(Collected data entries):
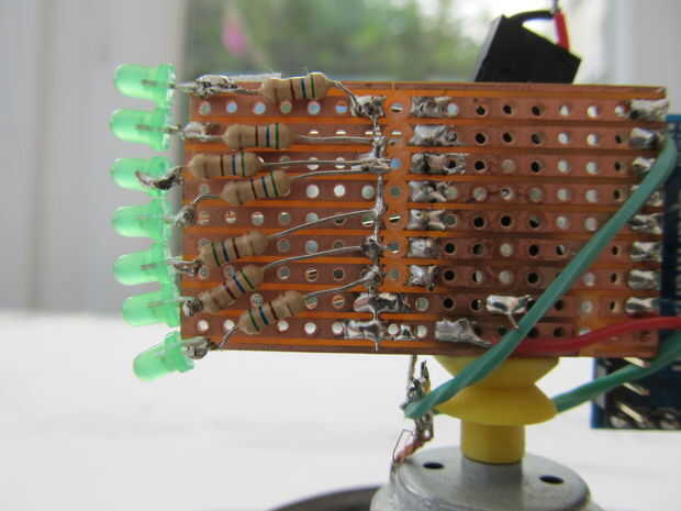 Los 7 LED ' s están soldados a un trozo de placa perforada, con sus cables positivos conectados entre sí cada uno con una resistencia individual, conecté los cables negativo del LED a los pines 3 a 9 en el arduino pro mini, véase el cuadro 2 para ver cómo lo alambré hasta más detalladamente.
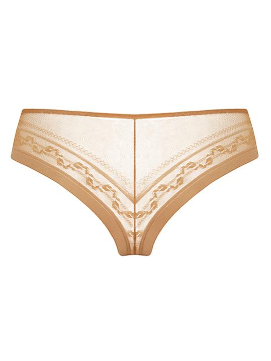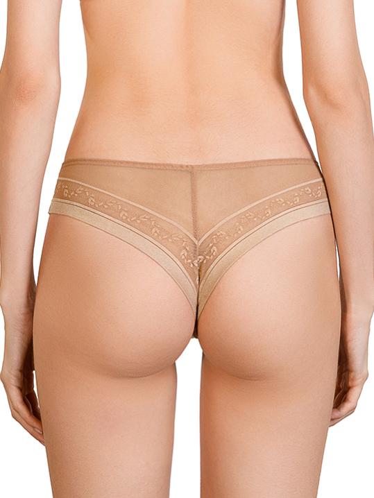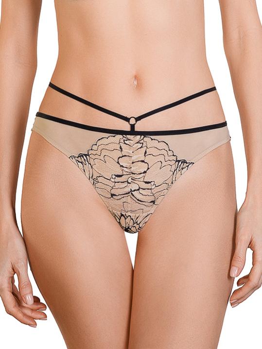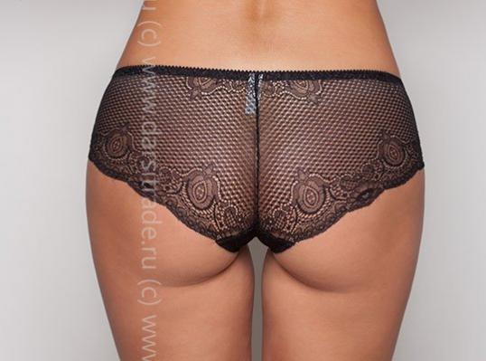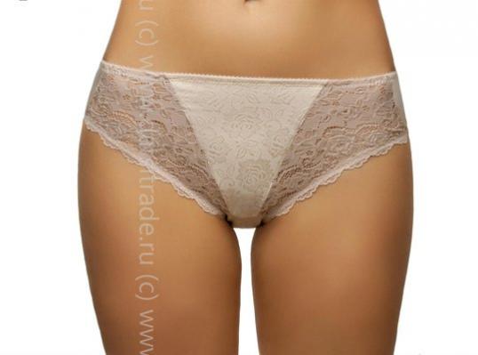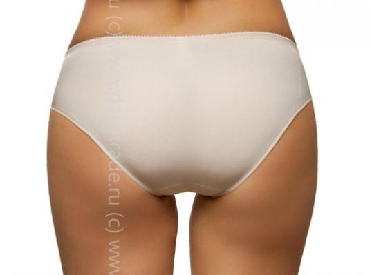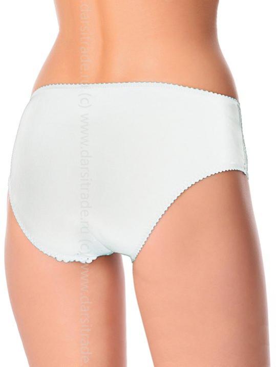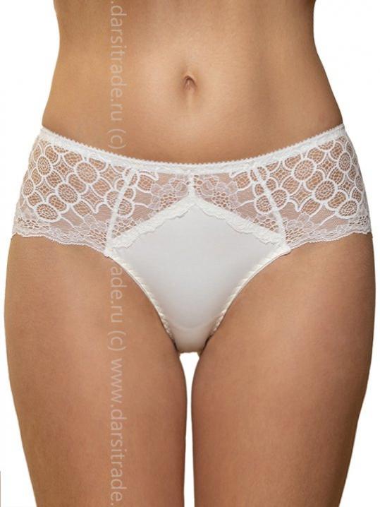 Трусы-слип со средней линией талии. Выполнены из тончайшего немецкого эластичного кружева. Срезы по краю ножек обработаны на плоскошовной машине. Украшение: атласный бантик.
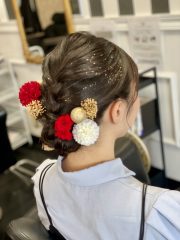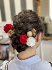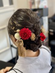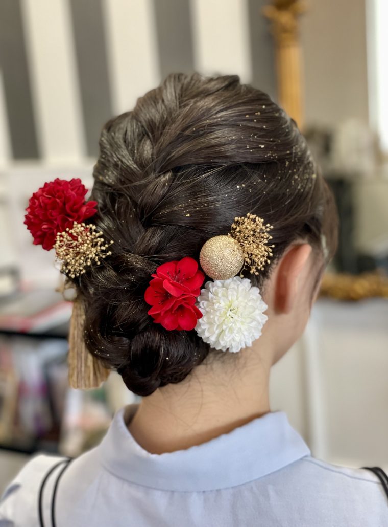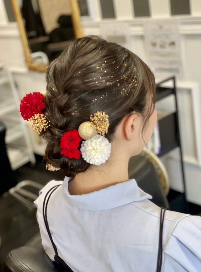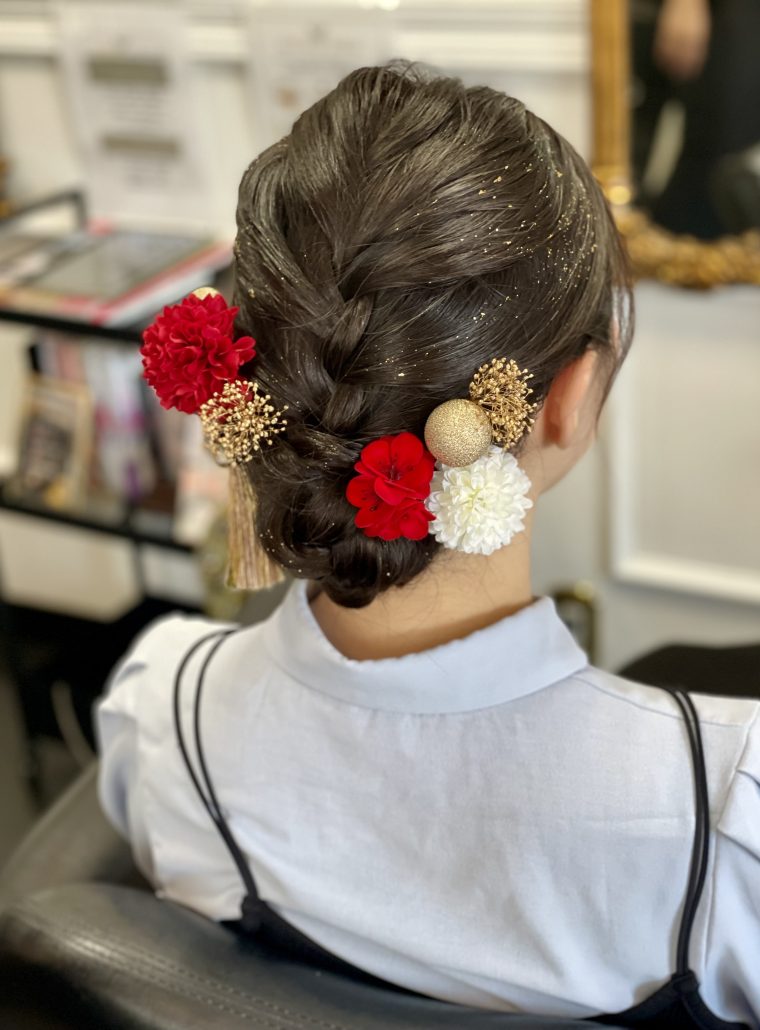 | 成人式のヘアセット🌹 | 金箔がある事でより一層パッと目を引く 仕上がりになっていますね🤍 ご来店頂きありがとうございました🙇🏻♡ ーーーーーーーーーーーーーーーーーーー 当店では髪飾りも販売しておりますので、 お悩みの際は、お気軽にご相談ください🤲🏻💕 お着物に合わせたオーダーメイドの商品も ご用意しております🌼✨ |
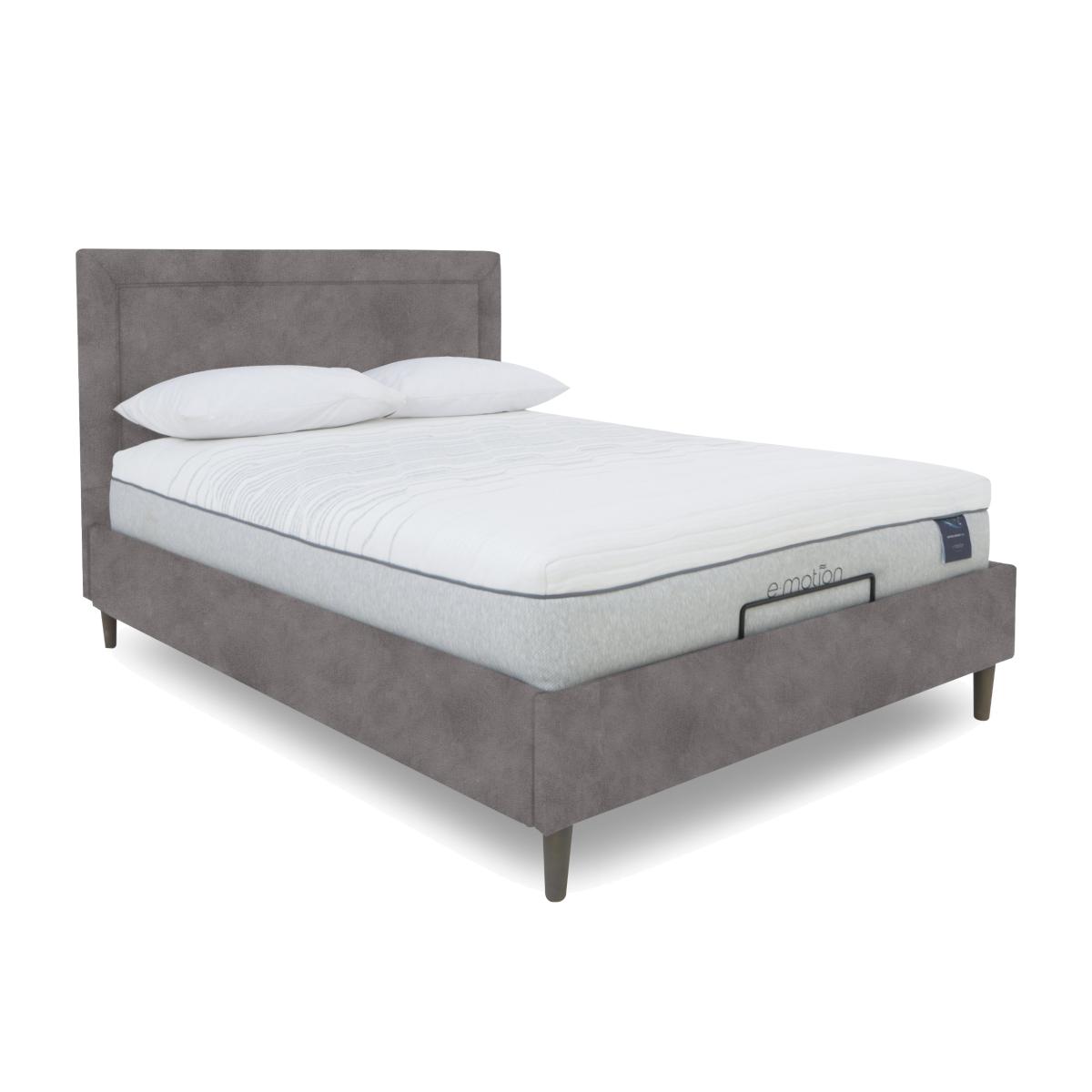 Elegance and sophistication meet truly personalised comfort in our Yumi range of adjustable bed frames. The look is stunning with beautiful upholstery and deeply cushioned headboards while smooth electric-powered multi-position adjustable bases make finding the perfect position for rejuvenating sleep simply effortless. They’re also ideal for anyone who needs extra help getting in and out of bed. The range includes bed frames with dual adjustable bases and optional massage functionality. Bed frames are available in several sizes and in a wide choice of upholstery fabrics. Designed and handcrafted exclusively for Furniture Village, the Yumi range is part of our E-Motion adjustable bed collection. With its contemporary understated headboard, this upholstered adjustable bed frame delivers style and comfort like never before. The smooth electric-powered mechanism is remote controlled. Why you'll love it Find perfect comfort for better sleep with this adjustable bed frame. This bed frame features a contemporary low-profile headboard. The base is electric powered for smooth and efficient movement. A simple wireless handset makes this bed so easy to adjust. Use the handy memory function to quickly return to your favourite comfort position. There’s even a weightless-feel pre-set position for TV watching. This bed frame promotes restorative sleep by minimising discomfort that might wake you up. Adjustable beds can also reduce back ache, improve blood circulation and reduce snoring. It’s ideal if you need a little help getting in and out of bed. An ethical choice – this bed frame is made with FSC-sourced wood. In a wide selection of fashionable upholstery fabric options. Designed and handcrafted just for Furniture Village. Made in the UK. Also available with 2-person adjustability and massage function. This adjustable bed frame is part of our E-Motion range. What you need to know Mattress sold separately. To ensure bed base and mattress compatibility, consider a mattress from the E-Motion range. Please check the suitability of any mattress you are considering for this adjustable base. Available in single and king sizes. Do not sit on this adjustable bed with the foot end in a raised position. Clean regularly using a soft brush or vacuum with the curtain attachment. Deal with any spills promptly. Professional cleaning advised for oil- and grease-based stains. Some fabrics can show wear on areas of more use or in direct sunlight. Shop our E-Motion range for a huge choice of bed frames, divan bases, massage beds, mattresses and more.
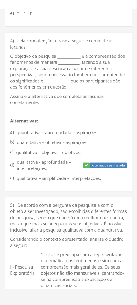 e) - F. 4) Leia com atenção a frase a seguir e complete as lacunas: o objetivo da pesquisa é a compreensão dos fenômenos de maneira , fazendo a sua exploração e a sua descrição a partir de diferentes perspectivas, sendo necessário também buscar entender os significados e que os participantes dão aos fenômenos em questão. Assinale a alternativa que completa as lacunas corretamente: Alternativas: a) quantitativa - aprofundada - aspirações. b) quantitativa - objetiva - aspirações. c) qualitativa - objetiva - objetivos. d) qualitativa - aprofundada - Alternativa assinalada interpretações. e) qualitativa - simplificada - interpretações. 5) De acordo com a pergunta da pesquisa e com objeto a ser investigado, são escolhidas diferentes formas de pesquisa, sendo que não há uma melhor que a outra, mas a que mais se adequa aos seus objetivos. É possível, inclusive, aliar a pesquisa qualitativa com a quantitativa. Considerando o contexto apresentado, analise o quadro a seguir: 1) não se preocupa com a representação matemática dos fenômenos e sim com a I Pesquisa compreensão mais geral deles. Os seus Exploratória objetos não são mensuráveis, centrando- se na compreensão e explicação de dinâmicas sociais.

(Your goal): Starting at the line with "Трусы-слип со средней" in the entries above, write out every line exactly until the line with "お着物に合わせたオーダーメイドの商品も ご用意しております🌼✨ |" has been written. Include no pictures and nothing more.

(Output):
 Трусы-слип со средней линией талии. Выполнены из тончайшего немецкого эластичного кружева. Срезы по краю ножек обработаны на плоскошовной машине. Украшение: атласный бантик.
 | 成人式のヘアセット🌹 | 金箔がある事でより一層パッと目を引く 仕上がりになっていますね🤍 ご来店頂きありがとうございました🙇🏻♡ ーーーーーーーーーーーーーーーーーーー 当店では髪飾りも販売しておりますので、 お悩みの際は、お気軽にご相談ください🤲🏻💕 お着物に合わせたオーダーメイドの商品も ご用意しております🌼✨ |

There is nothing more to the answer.